According to the regulations:
- The smoke alarm has to be present on every single story where a room is utilized partly or wholly as any type of living accommodation.
- The carbon monoxide alarm needs to be present in every room that is used partly or wholly as living accommodation when it contains an appliance that features fuel burning combustion.
- Alarms have to be in working order and checked when the tenancy starts.
There is no mention of what alarm type is required. It is the job of the landlord to follow what is listed as being “best practice”. According to deacon.co.uk, because of how the law is written, it is important for landlords to have appropriate insurance coverage in case something wrong happens.
Smoke Alarm Regulations
Local councils set up their own practice guidelines for the landlords to respect.
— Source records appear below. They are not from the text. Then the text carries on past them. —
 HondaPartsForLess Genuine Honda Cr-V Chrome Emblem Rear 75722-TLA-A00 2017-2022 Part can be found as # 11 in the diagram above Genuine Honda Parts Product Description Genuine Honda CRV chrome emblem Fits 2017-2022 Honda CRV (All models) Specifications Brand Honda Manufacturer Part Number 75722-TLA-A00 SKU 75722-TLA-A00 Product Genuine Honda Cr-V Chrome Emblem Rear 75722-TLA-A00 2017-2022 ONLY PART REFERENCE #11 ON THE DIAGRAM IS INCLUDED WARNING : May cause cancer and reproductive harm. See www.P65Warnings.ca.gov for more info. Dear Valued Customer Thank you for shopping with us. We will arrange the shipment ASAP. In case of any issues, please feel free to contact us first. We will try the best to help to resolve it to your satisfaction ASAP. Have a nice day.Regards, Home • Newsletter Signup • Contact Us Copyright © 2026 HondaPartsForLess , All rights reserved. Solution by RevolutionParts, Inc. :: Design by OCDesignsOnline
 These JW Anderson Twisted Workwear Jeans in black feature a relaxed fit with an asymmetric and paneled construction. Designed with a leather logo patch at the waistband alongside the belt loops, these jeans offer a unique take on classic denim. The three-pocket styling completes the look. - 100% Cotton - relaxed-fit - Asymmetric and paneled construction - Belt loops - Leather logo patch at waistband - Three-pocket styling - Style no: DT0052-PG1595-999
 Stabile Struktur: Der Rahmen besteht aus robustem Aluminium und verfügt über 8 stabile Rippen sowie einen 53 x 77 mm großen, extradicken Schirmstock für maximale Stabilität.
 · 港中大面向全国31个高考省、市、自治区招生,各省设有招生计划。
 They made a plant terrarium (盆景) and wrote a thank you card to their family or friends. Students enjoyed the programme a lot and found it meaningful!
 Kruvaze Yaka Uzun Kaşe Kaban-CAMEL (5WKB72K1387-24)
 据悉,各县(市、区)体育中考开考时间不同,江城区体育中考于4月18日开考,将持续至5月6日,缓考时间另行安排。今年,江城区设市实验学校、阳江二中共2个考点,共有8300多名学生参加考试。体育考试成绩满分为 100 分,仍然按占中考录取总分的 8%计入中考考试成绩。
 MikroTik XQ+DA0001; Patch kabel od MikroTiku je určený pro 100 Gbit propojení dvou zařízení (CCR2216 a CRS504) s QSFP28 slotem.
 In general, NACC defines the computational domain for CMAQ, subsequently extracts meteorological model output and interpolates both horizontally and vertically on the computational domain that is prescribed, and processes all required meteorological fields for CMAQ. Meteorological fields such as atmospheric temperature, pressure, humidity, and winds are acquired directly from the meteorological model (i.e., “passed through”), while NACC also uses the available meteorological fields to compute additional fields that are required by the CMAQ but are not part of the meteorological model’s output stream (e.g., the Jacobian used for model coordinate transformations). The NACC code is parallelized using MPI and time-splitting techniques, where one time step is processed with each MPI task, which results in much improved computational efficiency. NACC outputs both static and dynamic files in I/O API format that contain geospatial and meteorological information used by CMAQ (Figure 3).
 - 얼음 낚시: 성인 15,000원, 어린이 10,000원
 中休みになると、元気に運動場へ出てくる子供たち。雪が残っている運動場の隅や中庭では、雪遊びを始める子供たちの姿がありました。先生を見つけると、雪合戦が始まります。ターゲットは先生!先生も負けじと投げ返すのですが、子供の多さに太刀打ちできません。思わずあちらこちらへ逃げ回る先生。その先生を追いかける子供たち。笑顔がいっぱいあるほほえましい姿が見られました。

These all tend to be really similar from one jurisdiction to the next. Usually, they are set up in a conjunction with local services for fire and rescue. As a simple example, according to the Fire And Rescue Service in Nottinghamshire:
“The minimum recommended level of provision is to fit a smoke alarm on each floor of your home, at the bottom of the staircase, and on each upstairs landing.”
As a minimum, the smoke alarm that is installed should at least meet the British Standard 5446 Part 1. It needs a European or British approval mark. Sealed long-life alarms are recommended when interested in making cost-effective decisions.
When referring to HMOs, increased protection is necessary than with the single-family house. Local HMO guidelines are in place to guarantee that best practices will be followed. Usually, this means including mains powered interlinked smoke alarms that are connected to a central operating unit.
Carbon Monoxide Alarms
Alarms are limited to the rooms that include solid flue appliances, according to the regulations from 2015. However, carbon monoxide can appear from faulty oil or gas devices. That is why an annual safety check is mandatory to reduce risks for tenants. When there is no alarm present and a tragedy takes place, the landlord can be held responsible when he/she did not take the reasonable steps required to guarantee tenant safety.
Wherever fuel will be burned (including coal, logs, gas, and oil), audible carbon monoxide alarms are recommended by all agencies, like the NHS, HSE, fire services, and local councils.
The official recommendation for carbon monoxide alarms is that they are audible and meet the EN 50291 British Standard.
A combination alarm system that detects both carbon and smoke can be used. You can choose models with sealed long-life systems or replaceable batteries. The choice is usually based on the available budget.